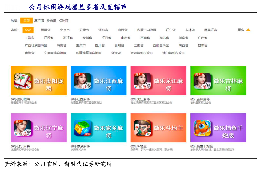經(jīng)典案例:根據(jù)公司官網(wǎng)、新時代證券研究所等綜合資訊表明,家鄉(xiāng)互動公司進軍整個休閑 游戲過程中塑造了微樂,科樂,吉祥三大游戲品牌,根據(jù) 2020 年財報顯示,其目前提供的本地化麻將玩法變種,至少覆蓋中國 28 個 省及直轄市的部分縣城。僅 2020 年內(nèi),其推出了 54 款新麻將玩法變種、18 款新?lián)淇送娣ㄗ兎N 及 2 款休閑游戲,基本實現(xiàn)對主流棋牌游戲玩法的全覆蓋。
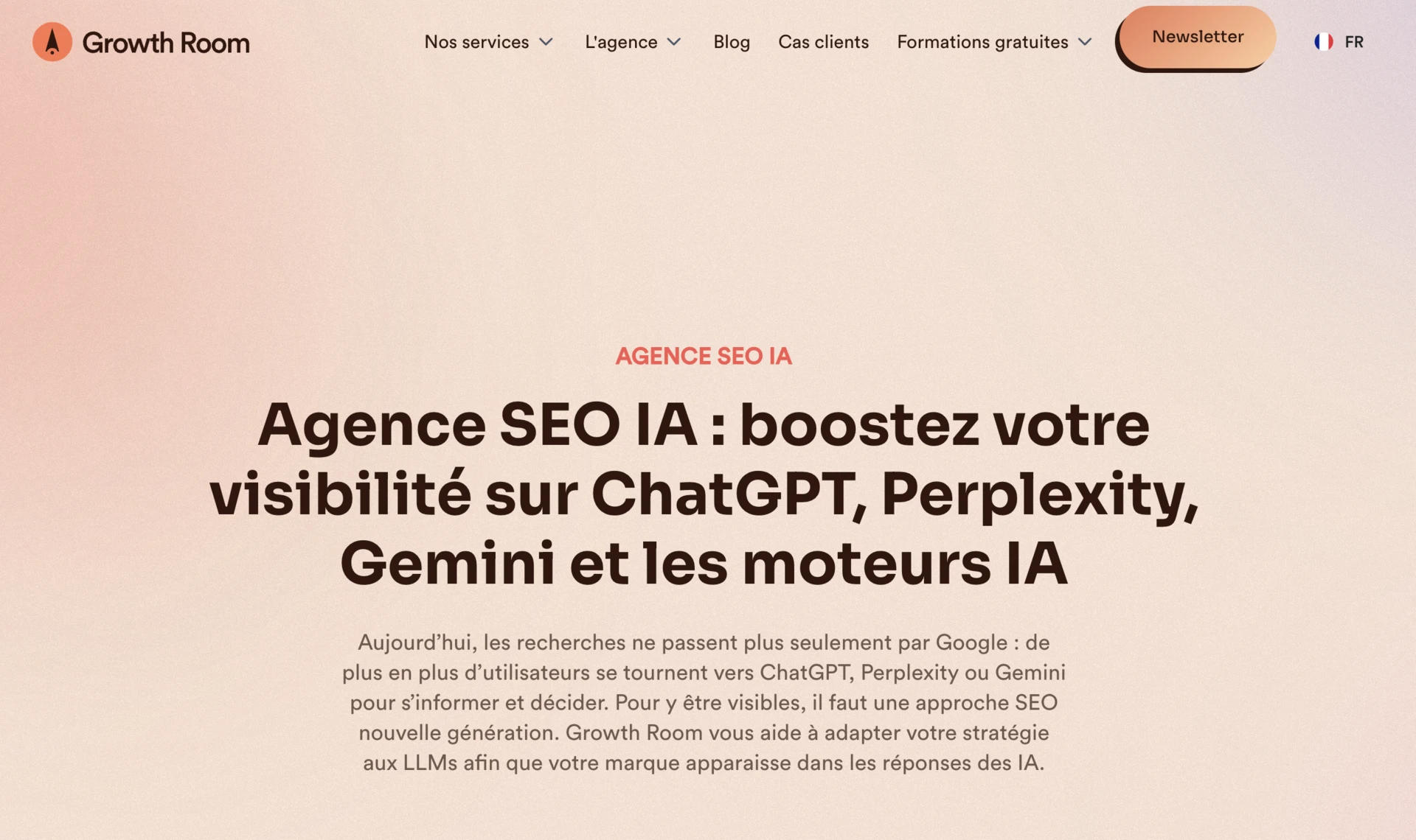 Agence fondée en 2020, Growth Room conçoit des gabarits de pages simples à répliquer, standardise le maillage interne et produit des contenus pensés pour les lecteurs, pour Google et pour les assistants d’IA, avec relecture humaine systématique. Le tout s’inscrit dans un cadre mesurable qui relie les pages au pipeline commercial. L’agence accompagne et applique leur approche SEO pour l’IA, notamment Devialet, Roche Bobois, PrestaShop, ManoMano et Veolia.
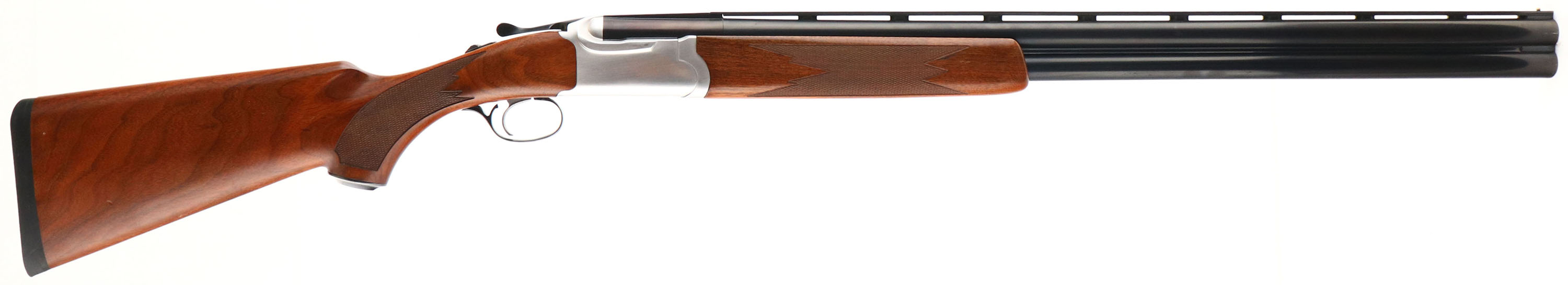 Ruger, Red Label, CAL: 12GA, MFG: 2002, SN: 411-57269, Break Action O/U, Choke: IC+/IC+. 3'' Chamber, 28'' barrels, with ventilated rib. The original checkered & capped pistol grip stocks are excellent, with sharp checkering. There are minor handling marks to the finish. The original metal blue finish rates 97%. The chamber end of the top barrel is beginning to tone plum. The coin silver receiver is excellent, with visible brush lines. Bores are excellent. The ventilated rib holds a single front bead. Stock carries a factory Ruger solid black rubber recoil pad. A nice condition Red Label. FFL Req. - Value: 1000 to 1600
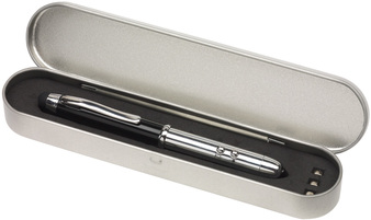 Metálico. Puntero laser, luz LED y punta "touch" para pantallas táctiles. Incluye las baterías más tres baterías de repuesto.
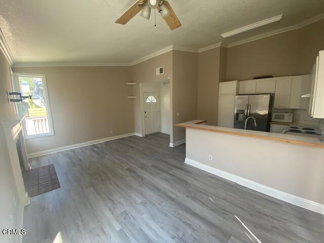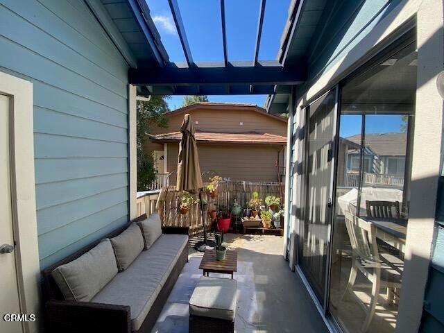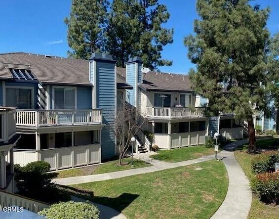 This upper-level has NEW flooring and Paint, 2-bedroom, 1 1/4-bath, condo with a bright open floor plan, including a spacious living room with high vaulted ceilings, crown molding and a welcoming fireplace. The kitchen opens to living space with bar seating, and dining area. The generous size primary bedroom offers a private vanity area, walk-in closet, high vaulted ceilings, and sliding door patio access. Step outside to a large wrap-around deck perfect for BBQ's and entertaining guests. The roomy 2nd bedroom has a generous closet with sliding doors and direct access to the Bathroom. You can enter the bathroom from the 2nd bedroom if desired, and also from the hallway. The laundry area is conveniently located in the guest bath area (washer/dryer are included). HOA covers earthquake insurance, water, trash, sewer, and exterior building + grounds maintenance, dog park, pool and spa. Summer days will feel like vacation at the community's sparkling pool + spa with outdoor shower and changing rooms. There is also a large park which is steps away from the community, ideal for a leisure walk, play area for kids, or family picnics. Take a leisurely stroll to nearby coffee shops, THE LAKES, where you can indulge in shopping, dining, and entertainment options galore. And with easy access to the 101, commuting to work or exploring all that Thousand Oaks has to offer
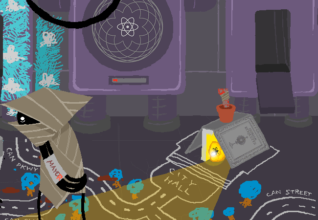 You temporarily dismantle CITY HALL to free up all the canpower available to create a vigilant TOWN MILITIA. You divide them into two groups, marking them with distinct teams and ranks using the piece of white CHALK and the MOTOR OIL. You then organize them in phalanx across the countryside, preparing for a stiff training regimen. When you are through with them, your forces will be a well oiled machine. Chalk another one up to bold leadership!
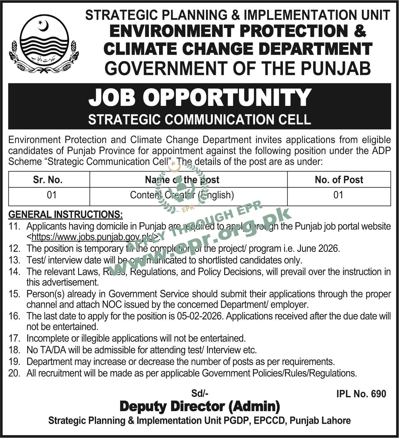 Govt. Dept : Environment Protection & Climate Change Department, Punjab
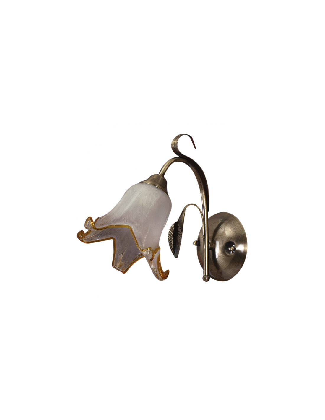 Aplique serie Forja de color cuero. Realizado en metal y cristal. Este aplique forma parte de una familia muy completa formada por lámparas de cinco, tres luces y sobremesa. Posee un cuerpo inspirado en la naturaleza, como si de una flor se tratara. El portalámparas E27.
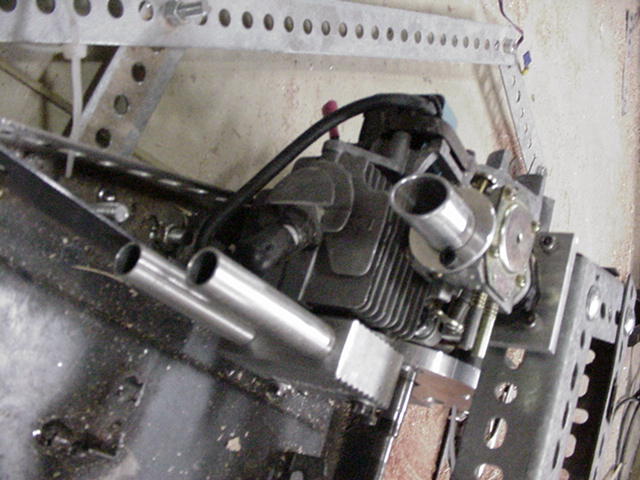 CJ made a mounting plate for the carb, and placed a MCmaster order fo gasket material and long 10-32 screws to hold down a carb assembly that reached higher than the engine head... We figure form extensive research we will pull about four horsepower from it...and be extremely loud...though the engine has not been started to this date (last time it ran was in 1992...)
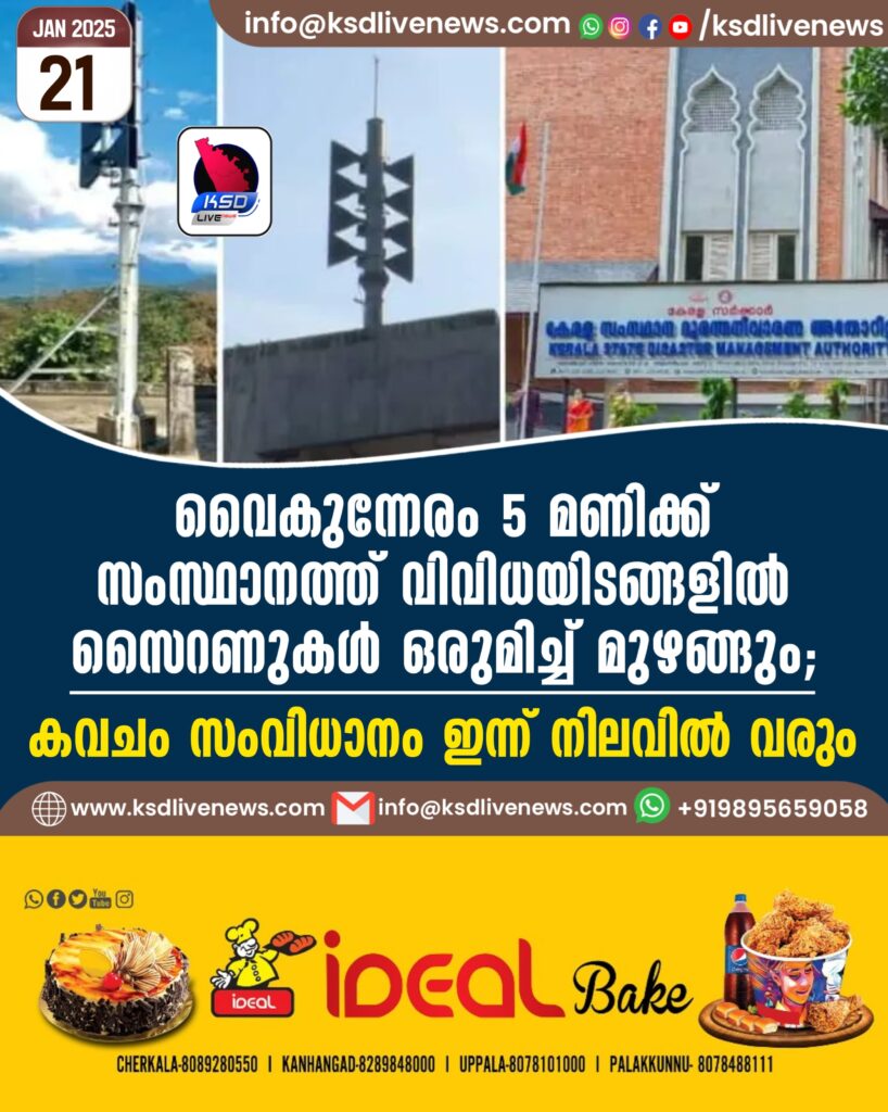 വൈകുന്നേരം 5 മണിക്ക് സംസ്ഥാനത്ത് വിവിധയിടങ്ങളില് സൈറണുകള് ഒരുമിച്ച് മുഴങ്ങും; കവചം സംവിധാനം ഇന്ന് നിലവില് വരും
= = = = =
■ **What you will do**
This task calls for the lines from the line containing "CJ made a mounting" through the end of the listing, set down exactly and only, with pictures omitted.

■ **Written solution**
 CJ made a mounting plate for the carb, and placed a MCmaster order fo gasket material and long 10-32 screws to hold down a carb assembly that reached higher than the engine head... We figure form extensive research we will pull about four horsepower from it...and be extremely loud...though the engine has not been started to this date (last time it ran was in 1992...)
 വൈകുന്നേരം 5 മണിക്ക് സംസ്ഥാനത്ത് വിവിധയിടങ്ങളില് സൈറണുകള് ഒരുമിച്ച് മുഴങ്ങും; കവചം സംവിധാനം ഇന്ന് നിലവില് വരും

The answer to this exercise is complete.